> **Exercise prompt**:
Set the material down again exactly, line by line, skipping each picture.

> **Given records**:
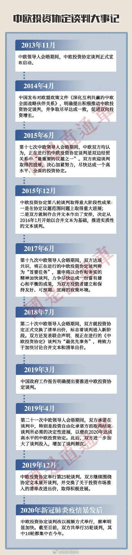 公开资料显示,协定谈判2013年正式启动,至今经历了35轮谈判。目前,欧盟是我国第三大投资来源地。中国超大规模市场吸引力不断增强,截至2020年11月,欧盟27国对华实际投资1179.8亿美元,累计设立投资项目数量超过3.8万个。中国欧盟商会调查显示,疫情没有动摇欧洲企业对华投资信心,89%的受访欧洲企业愿留在中国,2/3的受访欧企将中国列为前3大投资目的地,德国大众、巴斯夫、宝马、安联保险等欧洲企业持续加大在华投资。
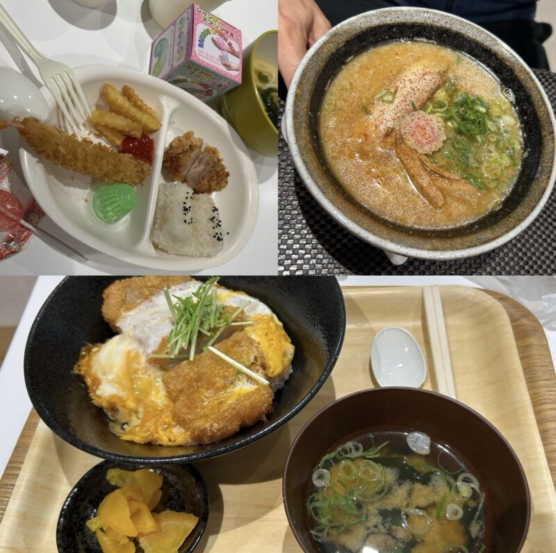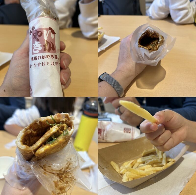 Joe finds a table in the food court, and sets off with the girls to get snack number 1. He comes back with a rolled up thingamajiggy that smells heavenly and tastes exactly like that – called a “rolled omelette” but with more substance than just eggs in the wrapping. The filling is squid and shrimp and the mayonnaise and bbq sauce we’d normally see on an okonomiyaki. So tasty! The girls had an order of butter and soy sauce french fries, while Joe and I split the omelette thing.
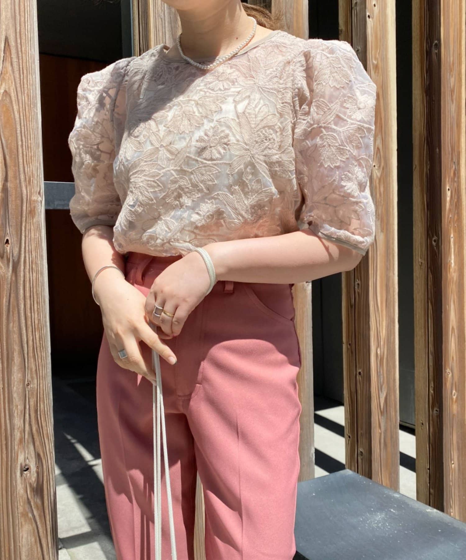 ノースリーブのトップスやワンピースに羽織るのがおすすめ。
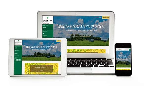 日本農業工学会(JAICABE)様ホームページのディレクション・マルチデバイス対応(PC、タブレット、スマートフォンレスポンシブ)デザイン制作、CMS設置・設定、サーバー・データ移行。
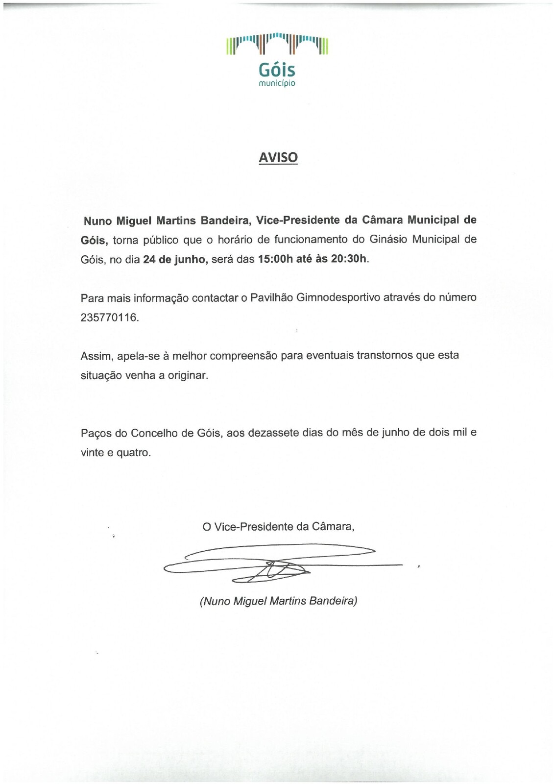 Nuno Miguel Martins Bandeira, Vice-Presidente da Câmara Municipal de Góis, torna público que o horário de funcionamento do Ginásio Municipal de Góis, no dia 24 de junho, será das 15h00 até às 20h30.
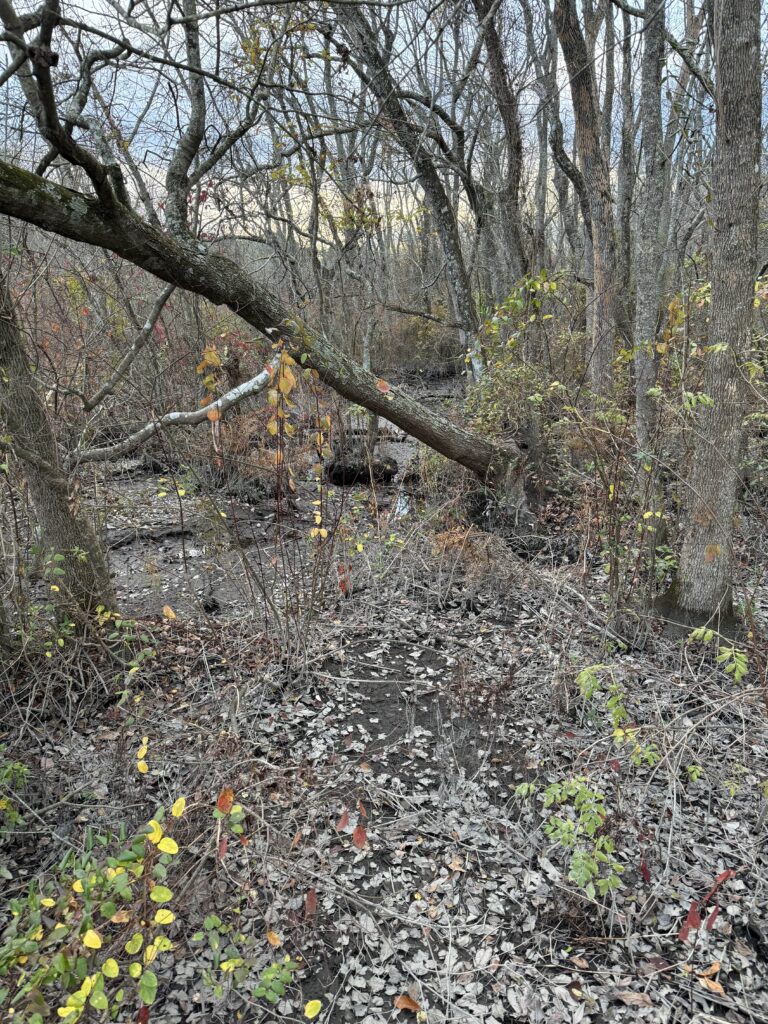 Entering the forest, I noticed it was more still than in past visits. Within the trees, there was shelter from any wind. What had previously been an array of yellow, orange, and red leaves covering the ground was now a thin layer of brown leaves. The thin layer indicates that decomposers such as earth worms were out and working hard. The Norway Maples which had previously been the last to keep their leaves had scattered their leaves with the rest.

> **Solved problem**:
 公开资料显示,协定谈判2013年正式启动,至今经历了35轮谈判。目前,欧盟是我国第三大投资来源地。中国超大规模市场吸引力不断增强,截至2020年11月,欧盟27国对华实际投资1179.8亿美元,累计设立投资项目数量超过3.8万个。中国欧盟商会调查显示,疫情没有动摇欧洲企业对华投资信心,89%的受访欧洲企业愿留在中国,2/3的受访欧企将中国列为前3大投资目的地,德国大众、巴斯夫、宝马、安联保险等欧洲企业持续加大在华投资。
 Joe finds a table in the food court, and sets off with the girls to get snack number 1. He comes back with a rolled up thingamajiggy that smells heavenly and tastes exactly like that – called a “rolled omelette” but with more substance than just eggs in the wrapping. The filling is squid and shrimp and the mayonnaise and bbq sauce we’d normally see on an okonomiyaki. So tasty! The girls had an order of butter and soy sauce french fries, while Joe and I split the omelette thing.
 ノースリーブのトップスやワンピースに羽織るのがおすすめ。
 日本農業工学会(JAICABE)様ホームページのディレクション・マルチデバイス対応(PC、タブレット、スマートフォンレスポンシブ)デザイン制作、CMS設置・設定、サーバー・データ移行。
 Nuno Miguel Martins Bandeira, Vice-Presidente da Câmara Municipal de Góis, torna público que o horário de funcionamento do Ginásio Municipal de Góis, no dia 24 de junho, será das 15h00 até às 20h30.
 Entering the forest, I noticed it was more still than in past visits. Within the trees, there was shelter from any wind. What had previously been an array of yellow, orange, and red leaves covering the ground was now a thin layer of brown leaves. The thin layer indicates that decomposers such as earth worms were out and working hard. The Norway Maples which had previously been the last to keep their leaves had scattered their leaves with the rest.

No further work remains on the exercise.